Draft principles for the UK identity assurance programme

Jerry Fishenden, Chair of the Cabinet Office Identity Assurance Programme Privacy and Consumer Group, has blogged the draft principles for the new identity assurance scheme, with a view to obtaining public feedback on those principles. I’m involved with the Group, and would urge anyone with an interest in this area to comment on his blog so that we can obtain the broadest feedback in order to deliver this important piece of work.

The principles are summarised below; there’s a lot of work going on behind the scenes to define the small print that supports these.
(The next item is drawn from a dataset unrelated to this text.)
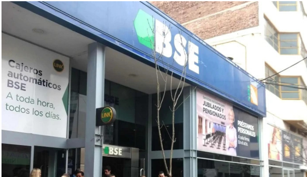
Banco santiago del estero sucursal cordoba descuentos

1. The User Control Principle
Identity assurance activities can only take place if I consent or approve them.
2. The Transparency Principle.
Identity assurance can only take place in ways I understand and when I am fully informed.
3. The Multiplicity Principle
I can use and choose as many different identifiers or identity providers as I want to.
4. The Data Minimisation Principle
My request or transaction only uses the minimum data that is necessary to meet my needs.
5. The Data Quality Principle
I choose when to update my records.
6. The Service-User Access and Portability Principle
I have to be provided with copies of all of my data on request; I can move/remove my data whenever I want.
7. The Governance/Certification Principle
I can trust the Scheme because all the participants have to be accredited.
8. The Problem Resolution Principle
If there is a problem I know there is an independent arbiter who can find a solution.
9. The Exceptional Circumstances Principle
Any exception has to be approved by Parliament and is subject to independent scrutiny.